Liturgy of the Word

Left to right: Rev. Penny Nixon, Rev. Jim Mitulski, playwright Tony Kushner, and Rev. Karen Foster. In 1998 MCCSF commissioned a stained glass skylight inspired by a monologue from the play Angels in America. Kushner spoke at the dedication ceremony on April 26, 1998. Photographer unknown. Courtesy of Jim Mitulski.

Every Sunday worship service had a time for reading out loud from sacred texts. These included readings from the Hebrew Bible, the Christian scriptures, and other ancient texts. At MCCSF, like in other more liberal congregations, they also read from contemporary texts that had spiritual resonance with their lives and the struggles of their community. It was common to hear readings from LGBTQ writers like Audre Lorde or Tony Kushner alongside those from canonical Christian texts.

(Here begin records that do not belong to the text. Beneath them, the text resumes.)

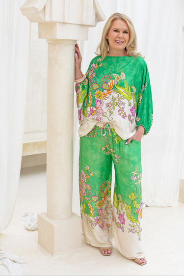 VLSP640 (6655) - LISA SILK PANTS - GREEN FLORAL
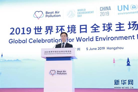 6月5日,中共中央政治局常委、國務院副總理韓正出席在浙江省杭州市舉行的2019年世界環境日全球主場活動,宣讀習近平主席的賀信并發表主旨講話。 新華社記者 龐興雷 攝
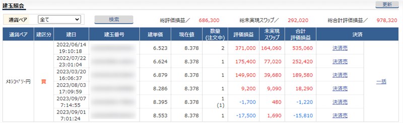 最近は、SBI証券よりもスワップポイントが高いヒロセ通商でもメキシコペソを運用し始めました。
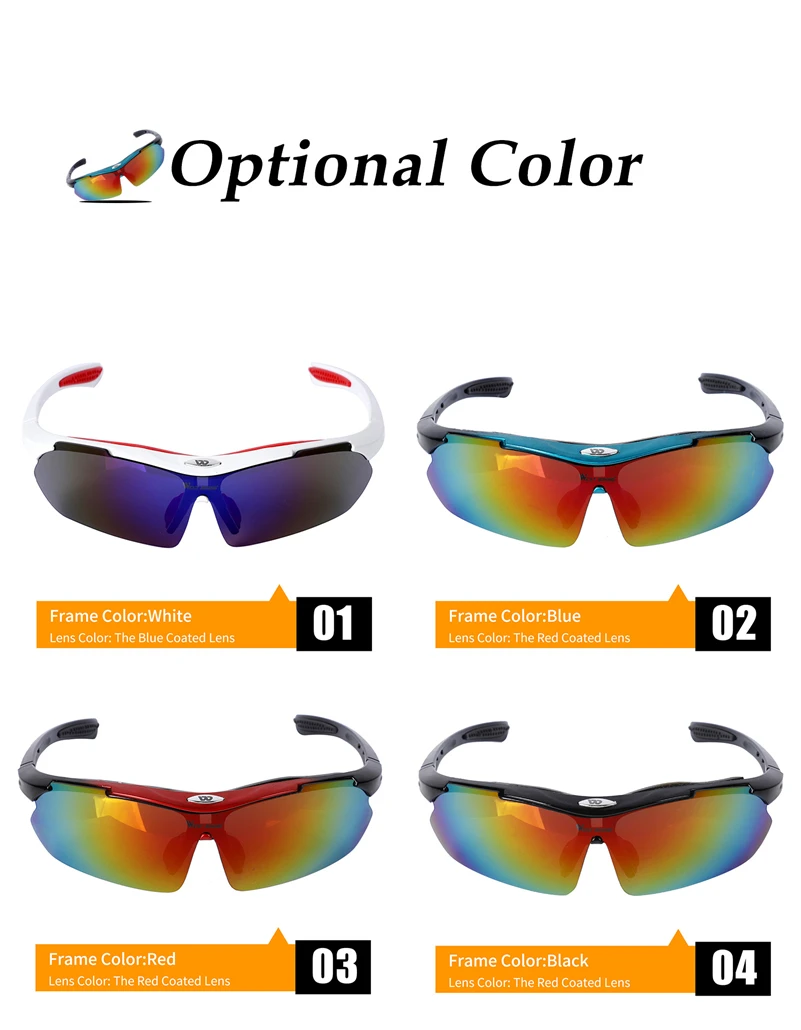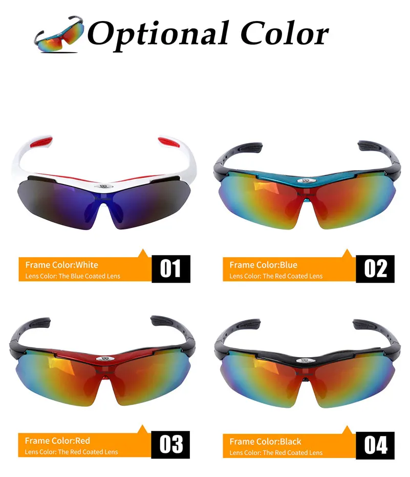 1. Велосипедные очки с многослойным покрытием высокой плотности.2. Ветрозащитные и пылезащитные велосипедные очки.3. Прочная оправа и регулируемые носовые упоры.Упаковка: 4 Сменные линзы Тестовая карта, ткань для очков, оправа mypia, веревка для очков, коробка для очков.Очки имеют пять оправ, вы должны выбрать одну из них. И каждый очки с пятью линзами. Купить пару очков эквивалентно покупке пяти пар очков, линзы могут быть изменены в зависимости от различных погодных условий.Функция 5 линз1. Противотуманные линзы синего цвета (подходят для противотуманной погоды)2. Желтые Светящиеся ночные линзы (костюм для ночного велоспорта)3. Прозрачные ослепительные линзы в дождливые дни (костюм для ночного велоспорта)4. Черные поляризованные солнечные линзы (подходят для солнечных дней, они нужны водителю Фишеру)5. Красочные ослепительные цветные hd-линзы (улучшают контрастность и резкость, лучший выбор для водителя)
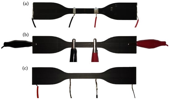 Normalized tensile testing specimen with different variants of electrical connections (bonding): (a) Silver paste and silver paint; (b) crocodile clips; (c) inlaid during printing.
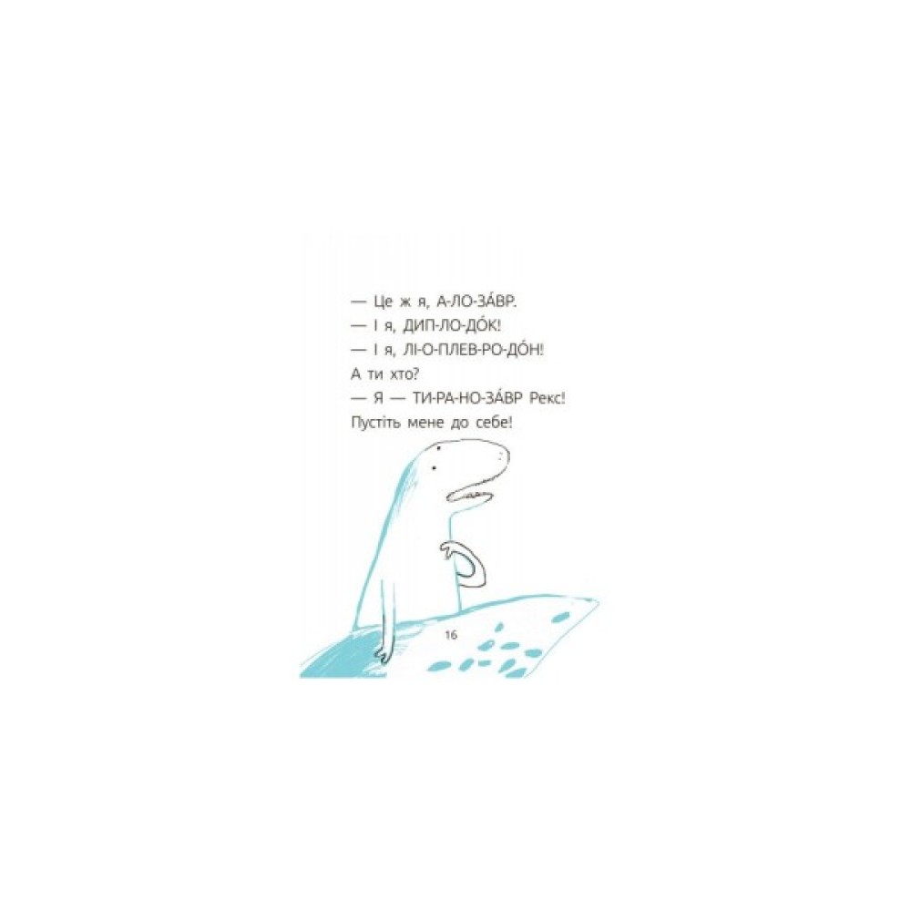 Герой книги Богдан любить динозаврів. Він малює їх, вирізає та ставить на полицю. Однак, коли хлопчик іде до школи, у динозаврів починається власне життя. Оповідання Галини Ткачук – це і несподіване бачення відомої народної казки, і весела історія про дитячу фантазію та неслухняних динозаврів. Книга першого рівня складності.
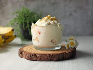 -Pour half quantity in a serving dish & spread evenly,add cake pieces,banana slices,add prepared mixture,cake pieces,banana slices & remaining mixture on top.
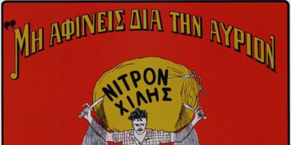 Afiche propaganda salitrera chilena en Grecia
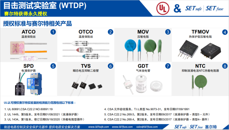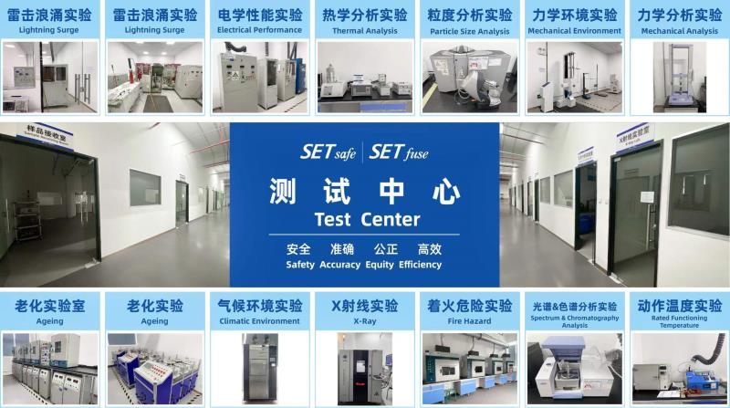 賽爾特SETsafe丨SETfuse取得美國UL認(rèn)可目擊測試實(shí)驗(yàn)室(WTDP)(UL 1449、UL 1434、UL 60691)、德國TUV萊茵授權(quán)實(shí)驗(yàn)室資質(zhì)(IEC/EN 60691、IEC/EN 61051-1、IEC/EN 61051-2、IEC/EN 62368-1、IEC/EN 61643-11、IEC/EN 61643-21、IEC/EN 61643-31、IEC/EN 62319-1、IEC/EN 62319-1-1、IEC/EN 60539-1)。超過1000多項(xiàng)的專業(yè)的測試、實(shí)驗(yàn)設(shè)備,多個(gè)設(shè)備是業(yè)界最好的品牌。

After the readings, the preacher delivered a sermon – a kind of sacred lecture – that used those texts to impart spiritual knowledge, teach religious lessons, or make meaning of the moment the community was living through. Most sermons at MCCSF were preached by clergy who were on staff at the church. Coming from a range of Christian traditions, they had different perspectives on how to understand sacred texts and what kinds of religious messages the congregation needed to hear. But all shared a commitment to liberation theology and its approach to interpreting the Bible from the perspective of the marginalized.
Liturgy of the Word


Liberation theology emerged in Latin America in the late 1960s and early 70s as a way to prioritize the voices of the poor and thereby create social and economic change that would liberate them. Early liberation theologians argued that this “preferential option for the poor” was a reflection and extension of Jesus’s own priorities as evidenced in scripture. This approach to developing theological understanding from the perspective of those who have been the most socially excluded was adapted by other communities marginalized in the United States. African Americans developed black and womanist liberation theologies and women developed feminist ones. Religious leaders in churches like MCCSF used their congregations as theological laboratories of sorts from which to develop gay liberation theologies and theologies of AIDS.

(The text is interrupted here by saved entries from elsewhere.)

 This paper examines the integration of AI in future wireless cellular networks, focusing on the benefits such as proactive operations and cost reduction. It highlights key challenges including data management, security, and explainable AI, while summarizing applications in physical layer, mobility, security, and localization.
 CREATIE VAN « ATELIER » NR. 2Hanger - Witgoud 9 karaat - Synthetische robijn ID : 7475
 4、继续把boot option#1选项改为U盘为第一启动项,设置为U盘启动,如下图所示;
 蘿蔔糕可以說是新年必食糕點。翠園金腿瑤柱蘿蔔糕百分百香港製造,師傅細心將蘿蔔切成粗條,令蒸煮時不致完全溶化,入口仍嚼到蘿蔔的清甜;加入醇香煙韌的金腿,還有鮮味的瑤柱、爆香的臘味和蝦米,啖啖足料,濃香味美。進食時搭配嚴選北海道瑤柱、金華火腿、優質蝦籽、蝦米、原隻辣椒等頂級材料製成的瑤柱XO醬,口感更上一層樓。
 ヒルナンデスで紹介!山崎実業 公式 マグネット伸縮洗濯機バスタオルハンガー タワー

Rev. Penny Nixon, MCCSF co-pastor from 1995 – 2000 and senior pastor from 2000 – 2007, preached on the Gospel of Mark. MCCSF Archive, November 20, 1993.

Mark 5: 1 –20

They went across the lake to the region of the Gerasenes. When Jesus got out of the boat, a man with an impure spirit came from the tombs to meet him. This man lived in the tombs, and no one could bind him anymore, not even with a chain.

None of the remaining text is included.